Date: 12 Feb 85 05:00:00 EST (Tue)
From: cbosgd!std-c
Subject: Administrivia - Flames on this Digest

Very few times I receive contributions with flames.  My policy is to
request individuals who send me those flames to post such material 
to the USENET net.flame group, or to mail to the persons who they
are flaming against.  In mod.std.c, technical contributions have a
much higher importance than inflammatory material.  This way, we
don't have to suffer thru a series of flames, as happens once in a
while in other technical groups, like net.lang.c. 

Any comments, to me. 

				The Moderator

---------------------------

Date: 2 Feb 85 04:02:57 CST (Sat)
From: cbosgd!ihnp4!utzoo!henry
Subject: implementation dependencies
To: ihnp4!cbosgd!std-c

> Henry Spencer writes:
> 
> >[...] The current draft standard's neat new
> >string-concatenation convention (adjacent string literals -- note this
> >is literals only -- are concatenated at compile time) eliminates the
> >need for in-string replacement as a way to build filenames out of #defined
> >pieces, which to my mind was the only real need for in-string replacement.
> 
> He has confused the in-string replacement problem with the string
> concatenation problem.   String concatenation in macros has previously
> been achieved by  foo/**/bar or
> 
> #define IDENT(x)x
> IDENT(foo)bar
> 
> and the standard's string concatenation does deal with this sufficiently.
> However, it does nothing for in-string replacement.

Not so.  Consider:

	#define	DIR	"/usr/foo/bar"
	char *file = DIR "/my.file";

This initializes "file" to point to "/usr/foo/bar/my.file".  Note that
you *cannot* do this using token concatenation -- the old /**/ trick --
because you end up with an extra pair of double quotes in the middle.

> Henry's point
> that the feature was not standard by K&R is well taken (however snidely put),
> although it is not reasonable to assert that K&R *outlaw* replacement within
> strings in the macro definition, since it is fairly clear that they were
> referring to strings in the running text.

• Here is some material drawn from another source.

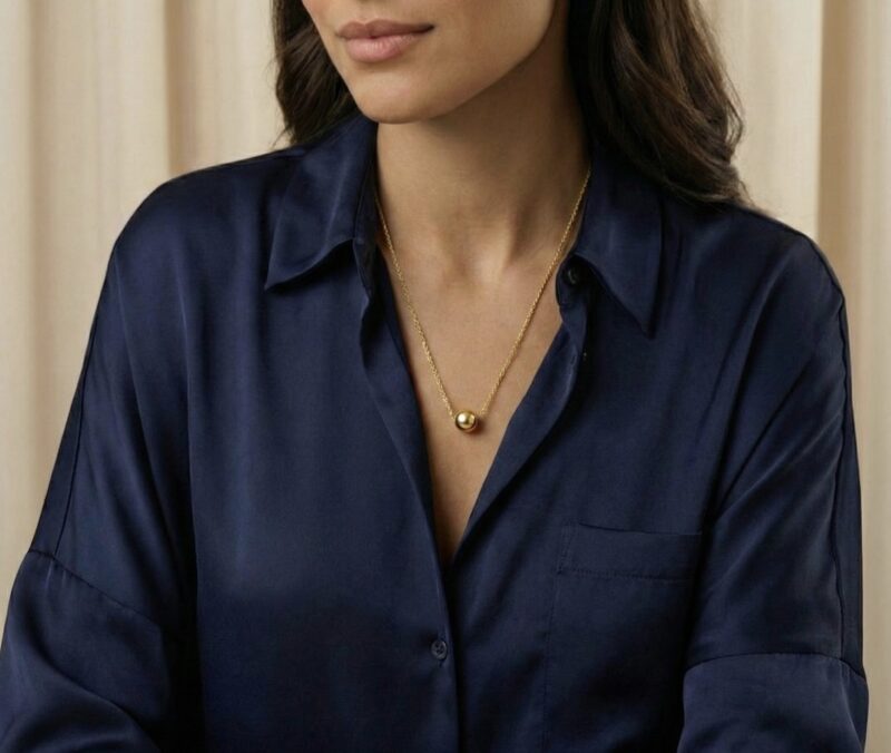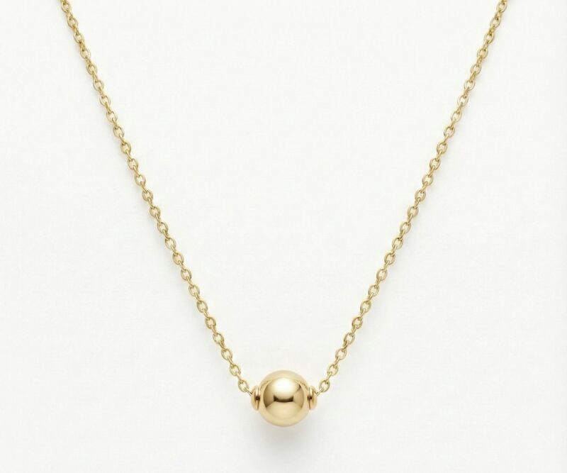 Embrace the modern trend of “less is more” with this stunningly delicate piece. Unlike traditional heavy jewellery, this necklace features a single, polished solid gold sphere that sits gracefully on a fine chain. It captures the timeless elegance of a pearl but is crafted entirely in glowing gold for lasting durability and shine.

"Fairly clear" to *WHO*?  Quoting K&R 12.1:

	[#define without parameters] causes the preprocessor to replace
	subsequent instances of the identifier with the given string of
	tokens...

	[after #define with parameters] Subsequent instances of the
	first identifier [with proper parameter list] are replaced by
	the token string in the definition.  Each occurrence of an
	identifier mentioned in the formal parameter list of the
	definition is replaced by the corresponding token string from
	the call...  Text inside a string or a character constant is
	not subject to replacement.

The last sentence in this quote contains no qualifications restricting
it to running text, and it is in the paragraph describing how macros
with parameters are handled.  If you go into section 12.1 without
preconceptions, and determined to find an answer on whether in-string
replacement is legitimate, the only reasonable interpretation is "no".

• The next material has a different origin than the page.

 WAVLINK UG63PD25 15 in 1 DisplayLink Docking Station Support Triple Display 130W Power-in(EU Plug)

The key is the words "determined to find an answer".  The preprocessor
did not originally have macros with parameters at all; they were added
when the preprocessor was rewritten during the V5->V6 transition.  (I
remember having to fix some of my trickier macro definitions when the
new preprocessor arrived...)  The language in the CRM about macros with
parameters was, in other words, a late addition to an existing manual.
When the manual is looked at with this in mind, the "not subject to
replacement" phrase probably dates from the old days, and wasn't
updated to clarify the situation when parameters arrived.  So the best
conclusion that can be drawn, looking at the CRM and its history, is
that it doesn't answer the question at all.

Where does this leave us?  When the documentation does not answer the
question, the answer is implementation-dependent by definition.  So
the only way to write implementation-independent code is to avoid
depending on the answer at all.  So my original contention remains:
code that makes use of in-string substitution is relying on an
implementation-dependent feature.

> However, it is important to recognize the pragmatic side of Ken's
> code-breaking admonition.  In particular, it would be impossible without
> in-string replacement to implement the UNIX assert library facility, which is
> a macro defined as
> 
> #define assert(EX) if (EX) ; else _assert("EX", __FILE__, __LINE__)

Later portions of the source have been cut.